About this exercise:
From the entries below, transcribe exactly the lines between the line holding "HM男装休闲裤冬季斜纹通勤时尚休闲棉布简约英伦合身长裤1074402" and the line holding "V领新款纯棉大码秋冬中长款打底衫长袖加厚加绒t恤女装保暖上衣", inclusive; skip all other lines.

Excerpted records:
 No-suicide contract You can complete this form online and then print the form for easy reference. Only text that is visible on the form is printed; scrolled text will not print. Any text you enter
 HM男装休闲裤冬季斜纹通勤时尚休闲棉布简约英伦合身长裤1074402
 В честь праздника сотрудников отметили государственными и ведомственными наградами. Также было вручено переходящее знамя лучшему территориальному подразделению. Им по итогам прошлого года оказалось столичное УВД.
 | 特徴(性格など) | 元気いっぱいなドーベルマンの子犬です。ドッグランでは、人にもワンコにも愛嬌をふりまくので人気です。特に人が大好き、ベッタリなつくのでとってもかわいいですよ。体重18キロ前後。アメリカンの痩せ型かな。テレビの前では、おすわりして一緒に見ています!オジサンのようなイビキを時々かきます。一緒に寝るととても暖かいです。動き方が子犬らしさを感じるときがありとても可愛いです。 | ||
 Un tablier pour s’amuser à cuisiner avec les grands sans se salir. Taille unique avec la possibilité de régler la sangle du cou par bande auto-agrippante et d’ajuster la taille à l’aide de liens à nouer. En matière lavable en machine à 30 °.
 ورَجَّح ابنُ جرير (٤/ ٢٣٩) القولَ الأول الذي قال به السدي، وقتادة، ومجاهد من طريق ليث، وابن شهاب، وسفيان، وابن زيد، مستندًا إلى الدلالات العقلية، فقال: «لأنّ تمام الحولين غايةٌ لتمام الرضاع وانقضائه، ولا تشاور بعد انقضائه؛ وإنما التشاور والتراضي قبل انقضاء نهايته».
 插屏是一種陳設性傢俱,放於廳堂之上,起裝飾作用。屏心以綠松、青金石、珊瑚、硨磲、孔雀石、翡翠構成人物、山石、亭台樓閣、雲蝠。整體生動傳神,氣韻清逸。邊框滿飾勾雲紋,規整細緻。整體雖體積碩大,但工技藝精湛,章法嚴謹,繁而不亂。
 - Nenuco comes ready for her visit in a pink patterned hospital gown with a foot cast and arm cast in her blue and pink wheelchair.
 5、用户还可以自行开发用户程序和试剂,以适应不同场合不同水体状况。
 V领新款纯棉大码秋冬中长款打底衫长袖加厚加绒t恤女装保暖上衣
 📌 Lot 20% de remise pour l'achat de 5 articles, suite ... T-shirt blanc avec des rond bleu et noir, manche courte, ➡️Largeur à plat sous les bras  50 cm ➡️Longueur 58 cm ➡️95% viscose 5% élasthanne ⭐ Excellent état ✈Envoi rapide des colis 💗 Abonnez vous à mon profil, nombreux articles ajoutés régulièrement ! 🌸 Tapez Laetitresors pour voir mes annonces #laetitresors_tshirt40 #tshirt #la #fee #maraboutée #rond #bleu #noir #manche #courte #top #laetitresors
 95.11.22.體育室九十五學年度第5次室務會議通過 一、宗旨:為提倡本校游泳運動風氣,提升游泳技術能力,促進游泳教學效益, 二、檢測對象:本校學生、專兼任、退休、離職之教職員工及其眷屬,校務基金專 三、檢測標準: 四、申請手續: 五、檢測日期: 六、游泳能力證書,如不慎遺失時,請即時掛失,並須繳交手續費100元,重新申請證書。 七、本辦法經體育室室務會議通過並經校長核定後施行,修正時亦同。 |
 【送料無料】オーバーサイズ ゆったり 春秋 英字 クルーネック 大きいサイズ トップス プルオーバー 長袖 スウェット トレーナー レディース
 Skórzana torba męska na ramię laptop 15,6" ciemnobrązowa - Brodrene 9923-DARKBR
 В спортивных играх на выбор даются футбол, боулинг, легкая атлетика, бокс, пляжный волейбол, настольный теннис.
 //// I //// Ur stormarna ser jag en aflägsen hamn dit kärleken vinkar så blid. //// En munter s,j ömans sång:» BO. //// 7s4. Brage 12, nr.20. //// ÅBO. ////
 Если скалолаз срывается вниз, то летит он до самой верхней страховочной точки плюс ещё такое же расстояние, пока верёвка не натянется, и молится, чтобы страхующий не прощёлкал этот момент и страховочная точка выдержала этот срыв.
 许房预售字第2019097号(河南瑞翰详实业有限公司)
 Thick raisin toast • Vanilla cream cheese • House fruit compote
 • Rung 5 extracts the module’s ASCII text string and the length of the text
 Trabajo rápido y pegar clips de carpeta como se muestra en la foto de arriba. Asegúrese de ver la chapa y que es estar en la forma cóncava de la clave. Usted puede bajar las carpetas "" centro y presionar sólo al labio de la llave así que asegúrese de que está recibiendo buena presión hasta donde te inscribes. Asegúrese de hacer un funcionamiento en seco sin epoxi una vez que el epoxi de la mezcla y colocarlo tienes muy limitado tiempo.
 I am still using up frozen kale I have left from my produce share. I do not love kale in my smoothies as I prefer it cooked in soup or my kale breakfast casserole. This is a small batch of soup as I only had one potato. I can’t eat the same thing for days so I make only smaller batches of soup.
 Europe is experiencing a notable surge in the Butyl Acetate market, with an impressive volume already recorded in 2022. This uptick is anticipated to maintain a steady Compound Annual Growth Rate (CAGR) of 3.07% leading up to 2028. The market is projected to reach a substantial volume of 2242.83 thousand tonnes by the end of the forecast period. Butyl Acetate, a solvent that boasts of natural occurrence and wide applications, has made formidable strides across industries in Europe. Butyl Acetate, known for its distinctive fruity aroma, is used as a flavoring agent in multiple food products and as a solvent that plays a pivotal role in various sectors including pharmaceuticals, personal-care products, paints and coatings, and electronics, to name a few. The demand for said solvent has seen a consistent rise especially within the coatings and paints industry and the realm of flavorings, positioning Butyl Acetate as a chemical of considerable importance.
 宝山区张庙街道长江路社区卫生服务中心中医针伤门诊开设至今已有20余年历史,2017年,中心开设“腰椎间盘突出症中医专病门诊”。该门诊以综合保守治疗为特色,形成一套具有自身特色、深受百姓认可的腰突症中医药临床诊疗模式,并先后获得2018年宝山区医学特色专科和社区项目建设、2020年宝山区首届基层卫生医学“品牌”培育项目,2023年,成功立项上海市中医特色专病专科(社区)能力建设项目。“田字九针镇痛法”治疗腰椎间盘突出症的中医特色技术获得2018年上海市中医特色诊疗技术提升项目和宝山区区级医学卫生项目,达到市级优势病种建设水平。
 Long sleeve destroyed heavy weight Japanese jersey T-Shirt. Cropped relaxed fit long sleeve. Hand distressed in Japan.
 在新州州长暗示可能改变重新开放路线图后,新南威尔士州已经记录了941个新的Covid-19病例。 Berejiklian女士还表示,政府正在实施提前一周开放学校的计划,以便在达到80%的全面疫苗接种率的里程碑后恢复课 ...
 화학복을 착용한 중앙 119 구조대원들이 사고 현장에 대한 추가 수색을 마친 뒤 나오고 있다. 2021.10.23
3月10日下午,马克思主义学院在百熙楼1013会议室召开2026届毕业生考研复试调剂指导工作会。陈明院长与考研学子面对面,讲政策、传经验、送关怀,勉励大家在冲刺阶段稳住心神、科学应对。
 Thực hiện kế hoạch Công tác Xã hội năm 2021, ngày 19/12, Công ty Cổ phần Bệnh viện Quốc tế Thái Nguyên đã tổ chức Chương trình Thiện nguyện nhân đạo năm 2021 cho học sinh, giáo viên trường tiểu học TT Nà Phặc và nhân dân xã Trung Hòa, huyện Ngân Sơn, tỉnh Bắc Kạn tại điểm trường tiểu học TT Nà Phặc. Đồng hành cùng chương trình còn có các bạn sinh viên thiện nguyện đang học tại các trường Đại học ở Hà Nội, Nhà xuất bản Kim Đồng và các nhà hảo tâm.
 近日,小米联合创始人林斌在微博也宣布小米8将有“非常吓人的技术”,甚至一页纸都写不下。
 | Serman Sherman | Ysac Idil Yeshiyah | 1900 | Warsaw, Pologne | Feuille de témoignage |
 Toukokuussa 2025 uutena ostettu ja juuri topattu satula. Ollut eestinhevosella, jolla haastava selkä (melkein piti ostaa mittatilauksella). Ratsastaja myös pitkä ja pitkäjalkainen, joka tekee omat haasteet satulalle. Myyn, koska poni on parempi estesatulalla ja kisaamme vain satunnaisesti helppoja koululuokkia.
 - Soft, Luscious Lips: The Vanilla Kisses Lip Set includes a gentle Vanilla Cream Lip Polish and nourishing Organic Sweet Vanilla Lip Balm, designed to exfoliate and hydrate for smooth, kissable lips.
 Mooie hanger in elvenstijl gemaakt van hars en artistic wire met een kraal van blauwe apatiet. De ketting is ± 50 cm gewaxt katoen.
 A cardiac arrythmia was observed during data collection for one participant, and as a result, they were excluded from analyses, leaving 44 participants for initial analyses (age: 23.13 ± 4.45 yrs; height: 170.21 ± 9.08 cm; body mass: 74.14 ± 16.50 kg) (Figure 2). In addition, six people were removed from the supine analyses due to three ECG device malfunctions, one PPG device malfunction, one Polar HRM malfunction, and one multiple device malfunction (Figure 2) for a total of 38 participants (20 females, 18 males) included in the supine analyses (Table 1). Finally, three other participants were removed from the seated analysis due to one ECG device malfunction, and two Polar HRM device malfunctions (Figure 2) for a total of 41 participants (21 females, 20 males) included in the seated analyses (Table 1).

Exercise solution:
 HM男装休闲裤冬季斜纹通勤时尚休闲棉布简约英伦合身长裤1074402
 В честь праздника сотрудников отметили государственными и ведомственными наградами. Также было вручено переходящее знамя лучшему территориальному подразделению. Им по итогам прошлого года оказалось столичное УВД.
 | 特徴(性格など) | 元気いっぱいなドーベルマンの子犬です。ドッグランでは、人にもワンコにも愛嬌をふりまくので人気です。特に人が大好き、ベッタリなつくのでとってもかわいいですよ。体重18キロ前後。アメリカンの痩せ型かな。テレビの前では、おすわりして一緒に見ています!オジサンのようなイビキを時々かきます。一緒に寝るととても暖かいです。動き方が子犬らしさを感じるときがありとても可愛いです。 | ||
 Un tablier pour s’amuser à cuisiner avec les grands sans se salir. Taille unique avec la possibilité de régler la sangle du cou par bande auto-agrippante et d’ajuster la taille à l’aide de liens à nouer. En matière lavable en machine à 30 °.
 ورَجَّح ابنُ جرير (٤/ ٢٣٩) القولَ الأول الذي قال به السدي، وقتادة، ومجاهد من طريق ليث، وابن شهاب، وسفيان، وابن زيد، مستندًا إلى الدلالات العقلية، فقال: «لأنّ تمام الحولين غايةٌ لتمام الرضاع وانقضائه، ولا تشاور بعد انقضائه؛ وإنما التشاور والتراضي قبل انقضاء نهايته».
 插屏是一種陳設性傢俱,放於廳堂之上,起裝飾作用。屏心以綠松、青金石、珊瑚、硨磲、孔雀石、翡翠構成人物、山石、亭台樓閣、雲蝠。整體生動傳神,氣韻清逸。邊框滿飾勾雲紋,規整細緻。整體雖體積碩大,但工技藝精湛,章法嚴謹,繁而不亂。
 - Nenuco comes ready for her visit in a pink patterned hospital gown with a foot cast and arm cast in her blue and pink wheelchair.
 5、用户还可以自行开发用户程序和试剂,以适应不同场合不同水体状况。
 V领新款纯棉大码秋冬中长款打底衫长袖加厚加绒t恤女装保暖上衣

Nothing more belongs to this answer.